■ **Description of the task**
Among the entries below, how many lines contain the string "dress"? Reply with that number alone.

[Stored items from a collection]

>>>

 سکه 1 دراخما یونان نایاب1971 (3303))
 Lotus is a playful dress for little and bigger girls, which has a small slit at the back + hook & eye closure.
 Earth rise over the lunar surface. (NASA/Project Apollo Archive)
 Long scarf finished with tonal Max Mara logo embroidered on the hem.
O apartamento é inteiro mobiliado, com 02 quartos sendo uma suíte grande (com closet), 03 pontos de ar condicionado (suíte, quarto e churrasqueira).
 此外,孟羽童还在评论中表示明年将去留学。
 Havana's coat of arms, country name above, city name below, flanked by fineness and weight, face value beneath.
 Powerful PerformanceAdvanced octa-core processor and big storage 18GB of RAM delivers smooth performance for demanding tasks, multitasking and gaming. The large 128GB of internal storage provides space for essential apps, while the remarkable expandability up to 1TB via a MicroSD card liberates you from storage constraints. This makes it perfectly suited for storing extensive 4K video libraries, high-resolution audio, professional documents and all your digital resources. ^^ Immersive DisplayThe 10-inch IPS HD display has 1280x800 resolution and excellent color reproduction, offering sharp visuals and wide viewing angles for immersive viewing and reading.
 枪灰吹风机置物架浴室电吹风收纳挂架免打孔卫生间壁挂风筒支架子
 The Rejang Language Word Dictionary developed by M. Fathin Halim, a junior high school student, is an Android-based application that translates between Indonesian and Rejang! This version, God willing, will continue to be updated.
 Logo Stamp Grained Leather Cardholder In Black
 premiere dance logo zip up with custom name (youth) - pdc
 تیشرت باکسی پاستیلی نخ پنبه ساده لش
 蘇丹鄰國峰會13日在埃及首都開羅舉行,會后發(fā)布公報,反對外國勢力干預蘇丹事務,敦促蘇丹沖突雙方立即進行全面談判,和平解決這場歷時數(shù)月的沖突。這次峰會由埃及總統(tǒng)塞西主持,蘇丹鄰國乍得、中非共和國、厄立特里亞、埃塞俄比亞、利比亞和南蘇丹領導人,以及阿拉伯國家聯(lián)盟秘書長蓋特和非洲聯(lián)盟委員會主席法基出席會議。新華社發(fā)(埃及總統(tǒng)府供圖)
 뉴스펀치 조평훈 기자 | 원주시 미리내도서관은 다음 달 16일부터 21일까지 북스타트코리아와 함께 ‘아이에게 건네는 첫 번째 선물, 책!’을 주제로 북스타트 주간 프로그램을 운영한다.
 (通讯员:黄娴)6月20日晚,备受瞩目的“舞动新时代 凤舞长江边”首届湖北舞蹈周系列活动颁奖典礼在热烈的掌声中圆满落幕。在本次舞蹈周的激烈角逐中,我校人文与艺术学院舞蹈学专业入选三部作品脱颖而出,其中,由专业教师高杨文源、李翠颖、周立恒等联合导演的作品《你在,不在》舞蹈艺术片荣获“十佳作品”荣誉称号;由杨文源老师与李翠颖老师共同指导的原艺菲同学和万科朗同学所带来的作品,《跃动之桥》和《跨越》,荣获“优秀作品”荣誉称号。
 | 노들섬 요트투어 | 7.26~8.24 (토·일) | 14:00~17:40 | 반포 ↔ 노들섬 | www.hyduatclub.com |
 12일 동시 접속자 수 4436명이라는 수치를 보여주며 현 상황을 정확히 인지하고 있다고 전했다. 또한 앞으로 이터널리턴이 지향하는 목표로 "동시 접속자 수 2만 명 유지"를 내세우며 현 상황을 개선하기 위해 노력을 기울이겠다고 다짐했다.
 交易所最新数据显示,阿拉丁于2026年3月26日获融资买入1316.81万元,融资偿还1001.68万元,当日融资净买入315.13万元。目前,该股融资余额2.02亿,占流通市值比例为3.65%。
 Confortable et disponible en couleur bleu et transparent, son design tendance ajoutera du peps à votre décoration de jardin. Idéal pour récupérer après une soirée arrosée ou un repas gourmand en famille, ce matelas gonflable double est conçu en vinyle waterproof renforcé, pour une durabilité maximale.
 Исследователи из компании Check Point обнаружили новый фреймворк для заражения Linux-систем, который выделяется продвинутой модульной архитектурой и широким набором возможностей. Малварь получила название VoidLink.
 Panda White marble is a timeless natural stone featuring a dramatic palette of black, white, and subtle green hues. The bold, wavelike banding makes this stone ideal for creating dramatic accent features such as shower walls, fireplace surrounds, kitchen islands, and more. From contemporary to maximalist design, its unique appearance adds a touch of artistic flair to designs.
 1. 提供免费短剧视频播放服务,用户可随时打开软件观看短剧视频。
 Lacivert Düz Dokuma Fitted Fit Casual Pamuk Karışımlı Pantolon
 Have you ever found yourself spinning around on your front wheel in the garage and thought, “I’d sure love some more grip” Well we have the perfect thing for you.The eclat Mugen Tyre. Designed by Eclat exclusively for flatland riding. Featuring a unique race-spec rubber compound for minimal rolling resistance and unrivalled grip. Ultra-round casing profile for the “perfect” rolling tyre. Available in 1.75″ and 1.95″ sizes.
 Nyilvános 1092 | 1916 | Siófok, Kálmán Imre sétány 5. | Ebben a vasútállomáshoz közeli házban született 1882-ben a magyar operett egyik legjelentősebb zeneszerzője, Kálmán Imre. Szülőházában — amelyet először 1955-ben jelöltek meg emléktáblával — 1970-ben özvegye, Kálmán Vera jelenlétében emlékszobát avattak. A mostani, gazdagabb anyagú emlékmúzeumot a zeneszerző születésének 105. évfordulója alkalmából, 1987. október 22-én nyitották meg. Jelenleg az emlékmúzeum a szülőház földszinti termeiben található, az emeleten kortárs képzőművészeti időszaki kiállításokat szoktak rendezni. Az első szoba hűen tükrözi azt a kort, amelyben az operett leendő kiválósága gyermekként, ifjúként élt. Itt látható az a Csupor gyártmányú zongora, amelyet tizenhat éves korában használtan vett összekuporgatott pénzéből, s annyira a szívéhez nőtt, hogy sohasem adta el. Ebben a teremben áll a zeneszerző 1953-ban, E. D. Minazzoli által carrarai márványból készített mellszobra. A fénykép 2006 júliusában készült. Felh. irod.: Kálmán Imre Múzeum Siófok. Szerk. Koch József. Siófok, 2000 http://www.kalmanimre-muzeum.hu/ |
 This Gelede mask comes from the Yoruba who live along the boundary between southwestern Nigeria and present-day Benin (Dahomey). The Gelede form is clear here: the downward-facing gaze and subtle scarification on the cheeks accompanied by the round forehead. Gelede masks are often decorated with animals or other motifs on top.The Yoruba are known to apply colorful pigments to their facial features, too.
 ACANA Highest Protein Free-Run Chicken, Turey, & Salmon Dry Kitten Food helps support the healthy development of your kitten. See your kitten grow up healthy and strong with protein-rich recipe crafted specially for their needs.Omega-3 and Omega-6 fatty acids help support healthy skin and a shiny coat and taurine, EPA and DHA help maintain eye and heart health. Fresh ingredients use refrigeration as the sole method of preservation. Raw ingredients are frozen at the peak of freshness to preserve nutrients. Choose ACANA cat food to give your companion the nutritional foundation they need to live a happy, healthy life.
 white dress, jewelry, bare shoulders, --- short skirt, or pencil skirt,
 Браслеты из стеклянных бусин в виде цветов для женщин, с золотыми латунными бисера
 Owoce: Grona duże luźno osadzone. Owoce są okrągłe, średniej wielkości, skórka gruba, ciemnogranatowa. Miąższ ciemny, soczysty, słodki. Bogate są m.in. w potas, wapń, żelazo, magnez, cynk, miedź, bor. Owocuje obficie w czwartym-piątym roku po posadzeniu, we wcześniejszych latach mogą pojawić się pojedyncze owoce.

<<<

■ **Output for this task**
2